I also discovered that exchanging positive and negative edges in training (by using
pos_loss = -torch.log(1-pos_out + 1e-15).mean()
andneg_loss = -torch.log(neg_out + 1e-15).mean()
) will not significantly affect the final results... And training scores become lower/higher when val&test scores become higher/lower.
I discussed this with other students in my group, and we decided against employing this trick for the leaderboard submissions due to the following reasons:
Lastly, we love hearing your ideas and tricks to improve ogbl-vessel and its algorithms, and are happy to decide any questions you might have.
Thank you very much for the feedback!
Cheers, Julian
Thank you Julian!
It'd be cool to see on the leaderboard how SEAL performs. Also, we should keep in mind that ROC-AUC is often an optimistic measure for link prediction. You can get 99.9% ROC-AUC while achieving only 10% Hits@50. The score really depends on how difficult the negative examples are. Just good to keep this in mind when we assess the ROC-AUC score.
@weihua916 thank you very much for your comment!
I am still waiting for the final SEAL results (with 10 runs), the algorithm is comparatively slow but we're getting there :slightly_smiling_face:
Thank you very much for bringing the decision of ROC-AUC score as an evaluation metric to our attention again, we're eager to look into all these topics with ogbl-vessel, and are curious what the community thinks and implements!
@jqmcginnis Thanks for updating SEAL results!
I have a question about the train scores during training. I tried GCN without any tricks and reached (for several times, not always) 70% val/test ROC-AUC with ~35% train ROC-AUC. I also tried to implement GCN+NeighborSampler with DGL and can stably reach 73% val/test ROC-AUC with ~35% train ROC-AUC. I am very curious about whether SEAL reached 80% val/test ROC-AUC with <50% training ROC-AUC.
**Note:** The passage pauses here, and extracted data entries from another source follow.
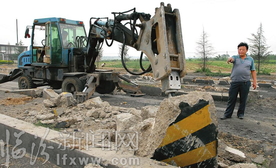 從6月1日起,臨汾公路分局襄汾公路段對管轄二級公路的所有收費站停止收費工作,同時,對收費站進行了拆除和路面還原。圖為6月7日,該段職工正在拆除收費站。 本報記者 閆銳鵬 攝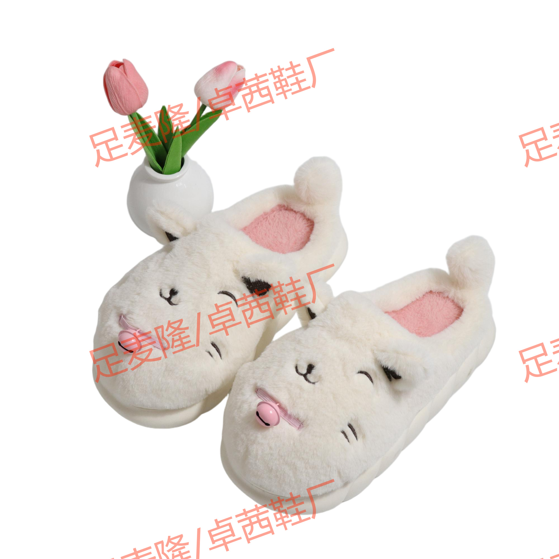 Campana blanca personalizada de comercio exterior, gato, mujer, otoño e invierno, zapatillas de algodón cálidas para el hogar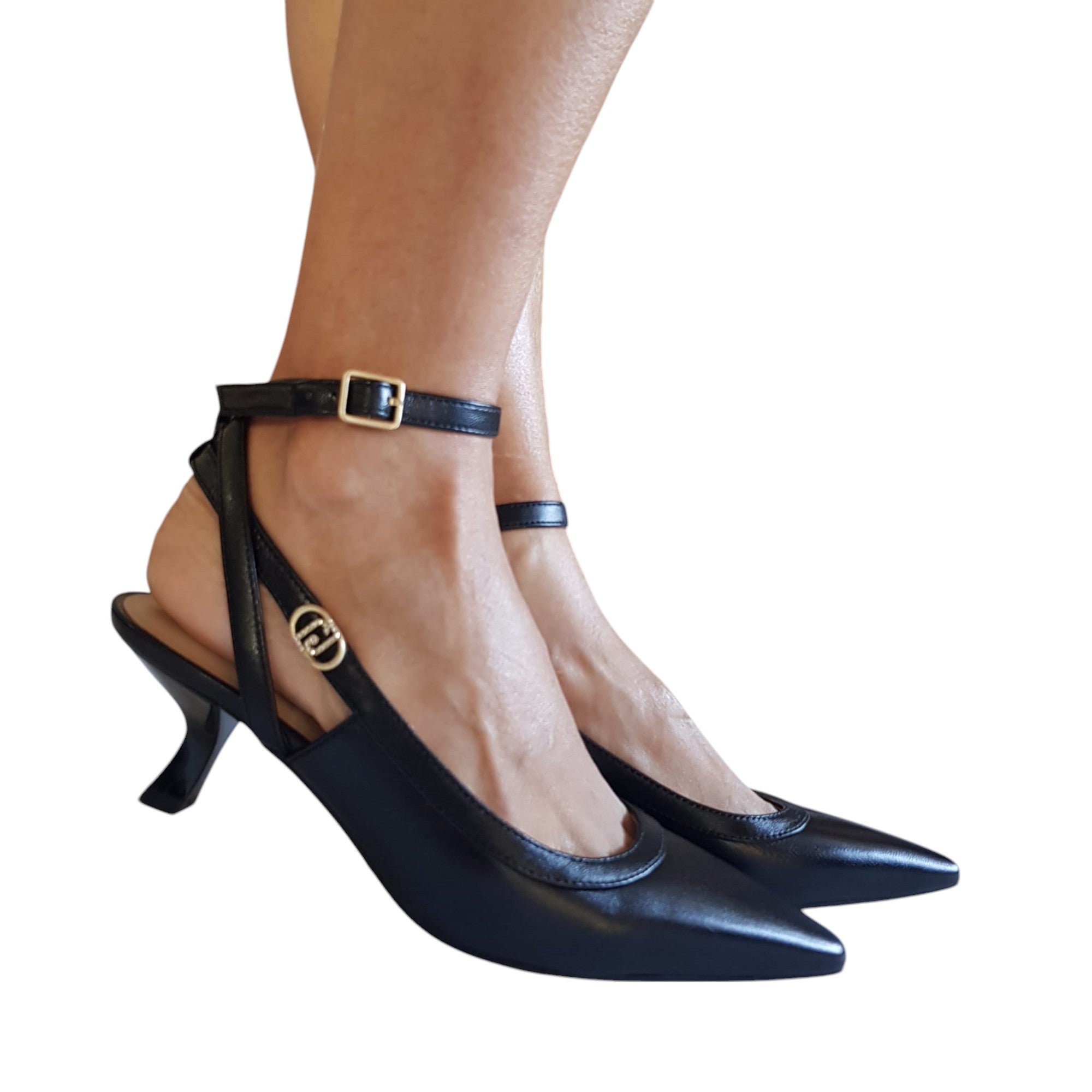 Liu-Jo Slingback Donna Pelle Nero con cinturino alla caviglia tacco alto 6 cm. Rif.850

@skepsun happy to hear you are still working on this! :slightly_smiling_face:
Yes, SEAL_OGB is able to perform similarly well on the train set, e.g. this is the report after the first training epoch:
Command line input: python seal_link_pred_train.py --dataset ogbl-vessel --use_feature
SortPooling k is set to 10
100%|███████████████████████| 267295/267295 [1:49:55<00:00, 40.53it/s]
100%|███████████████████████| 267295/267295 [1:28:08<00:00, 50.54it/s]^B
100%|███████████████████████████| 33412/33412 [12:24<00:00, 44.89it/s]
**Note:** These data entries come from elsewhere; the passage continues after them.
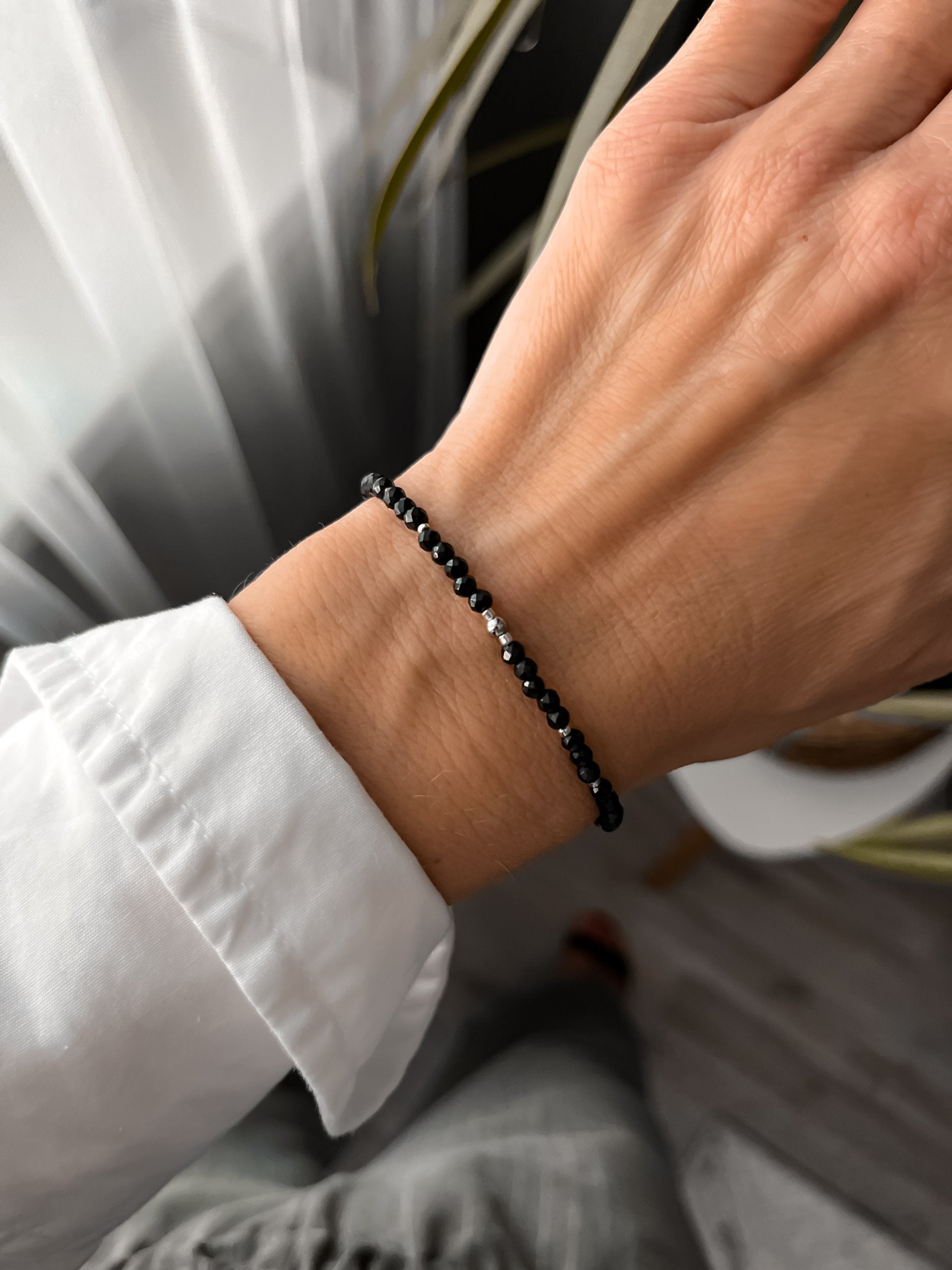 Elegantný náramok z čierneho facetovaného ónyxu je symbolom sily, stability a vnútornej rovnováhy.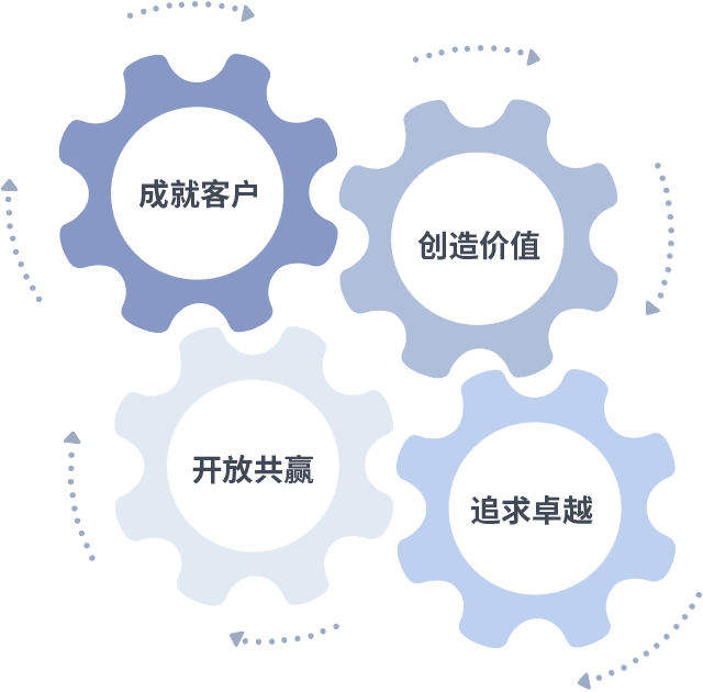 成就客户是一切决策的出发点,,,,创造价值是衡量所有工作的标准,,,追求卓越是我们做事做人的态度,,,开放共赢是我们的格局也是最终的结果。。价值观的齿轮环环相扣,,,,推动着组织里的每个人不断向前。。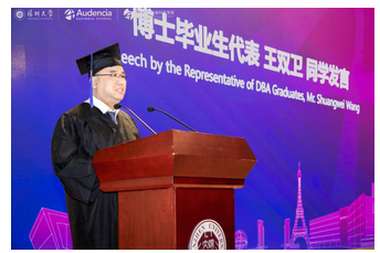 DBA项目毕业生代表王双卫在发言中表示,通过这几年学院导师的悉心指导,通过对企业管理知识的学习,让他深刻的理解了企业管理的内涵。他将继续学习并开展相关方面的工作实践,希望为中国中小企业健康发展的理论研究贡献一份力量。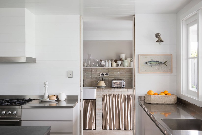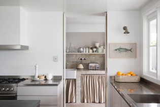 Jedan od detalja koji se neočekivano vraća u fokus jeste korištenje tkanine umjesto klasičnih kuhinjskih fronti — najčešće ispod sudopera ili otvorenih polica.
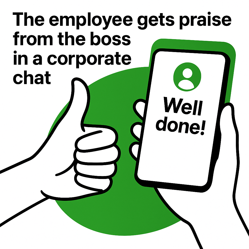/Collection: /by davooda/Type: PNG/A modern graphic depicting an employee receiving praise from a boss via a smartphone, featuring bold lines and a minimalistic design. Ideal for corporate communications or motivational materials.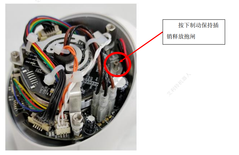 V3.1 以下软件版本机器人反向驱动V3.1 以下版本无反向驱动模式,如遇紧急情况请立即按下紧急停止按钮切断电源,移除 相应的关节盖,并释放制动保持插销,让关节自由移动。

100%|███████████████████████████| 33412/33412 [11:37<00:00, 47.91it/s]
Run: 01, Epoch: 01, Loss: 0.5186, Train: 80.76%, Valid: 80.82%, Test: 80.79%
The SEAL version on the SEAL_OGB master branch does not automatically compute the training scores, however, if you would like to run it yourself and also track the training process, feel free to use the custom implementation I've implemented, i.e. ogbl-vessel
branch in my fork which also calculates the training scores :slightly_smiling_face:
I've also noticed that the OGB leaderboard has received another submission ("SAGE+JKNet") which seems to achieve similar ROC-AUC scores, so I do think the simplicity of GCN and SAGE might be the problem.
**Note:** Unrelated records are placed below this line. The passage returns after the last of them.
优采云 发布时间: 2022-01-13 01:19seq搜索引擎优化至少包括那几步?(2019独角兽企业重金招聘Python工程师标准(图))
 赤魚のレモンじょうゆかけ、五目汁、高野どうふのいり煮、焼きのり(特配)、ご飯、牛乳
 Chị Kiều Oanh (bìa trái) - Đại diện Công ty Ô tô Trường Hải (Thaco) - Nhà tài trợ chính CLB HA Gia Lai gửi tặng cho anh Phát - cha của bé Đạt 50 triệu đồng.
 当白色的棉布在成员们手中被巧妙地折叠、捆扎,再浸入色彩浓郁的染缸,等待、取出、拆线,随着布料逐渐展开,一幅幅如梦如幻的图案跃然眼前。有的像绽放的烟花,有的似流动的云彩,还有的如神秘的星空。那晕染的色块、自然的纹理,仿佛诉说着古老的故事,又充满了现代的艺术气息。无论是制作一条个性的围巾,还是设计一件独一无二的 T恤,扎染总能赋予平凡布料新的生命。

Happy to hear your feedback!
https://github.com/snap-stanford/ogb/blob/f5534d99703ab549ae4f7279f2002c6cc79041dc/examples/linkproppred/vessel/gnn.py#L139
I found that the predictor is not set to
predictor.eval()
in the test function in gnn.py, which may result in the poor performance for GNN on this dataset. Ifpredictor.eval()
is added, even with hidden size 3, the test ROC-AUC of GCN may reach 70+%, although sometimes it is stuck at 50%.